At this stage, we are not seeking enhanced capital allowances (ECAs) or any 
other measures which would incur an exchequer cost. However, the 
Treasury has previously stated in respect of the existing Discovery Park 
Enterprise Zone that should ECAs provide a significant incentive to a larger 
occupier, it would be prepared to consider the application of ECAs in the 
future. Given that the Enterprise Zone is within an assisted area, the offer of 
ECAs would be viable, although we do not anticipate a requirement in the 
short term.  
Current situation 
2.1.     Jobs and businesses 
At present, there are 97 businesses located at the existing Discovery Park 
Enterprise Zone, employing approximately 1,950 people. This includes a 
number of larger pharmaceutical businesses (including Pfizer, Mylan and 
Peakdale Molecular) as well as a larger number of SMEs, both in R&D and 
other sectors.   
2.2.     Incentives currently available 
There are currently three main incentives offered by the public sector to 
support business growth at Discovery Park:  
  Business rate discounts, available to a maximum of £275,000 per 
business over a five year period.  
  Direct interest-free loan and equity finance offered by the Regional 
Growth Fund-supported Expansion East Kent programme. So far, six 
businesses based at Discovery Park have secured £2.4 million in 
Expansion East Kent finance, enabling them to lever a further £5.3 million 
from the private sector and securing 221 jobs.  
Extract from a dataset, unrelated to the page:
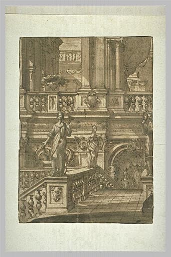 Etude d'un palier d'escalier de palais, avec une statue de la Renommée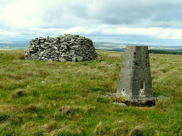 I stopped on Carnedd Llewelyn for lunch, still eating things that my wife had brought on Tuesday, and probably still having things left by the end of the walk. A few walkers came by the summit but, for a long time, I had it all to myself. After about 35 minutes I decided to press on, as I still had quite a long way to go. The whole landscape now changed from the stony mountains, often with steep cliff faces in parts, to a series of rounded green hills and valleys leading away to the coast. Even though the ridge was still at about 3,000 ft above sea level, it no longer gave that impression, although each summit along the ridge had its obligatory pile of stones at the top; the piles getting less and less at each one. The high ridge culminated at Foel Fras, a very level topped mountain beyond which was a fine viewpoint for the North Wales coast, from Anglesey and Puffin Island to the Great Orme and Llandudno, and around to Rhyl in the hazy distance. I could see the wind farm a few miles out to sea near Prestatyn, though it looked nearer to Colwyn Bay from this angle. I checked with my guidebook to see how far I had to go and was surprised to find it was only five and a half miles - I had been thinking that it was further than it was.

Expansion East Kent funding is also available on the proposed extension 
at Manston. Both parts of the Zone are located within the East Kent 
Assisted Area, enabling a higher level of support to business than would 
otherwise be the case.  
  Simplified planning, through the Local Development Order adopted by 
Dover District Council. The Order effectively grants planning permission 
for certain uses, minor developments and demolitions, enabling 
businesses to adapt their premises without seeking planning permission. 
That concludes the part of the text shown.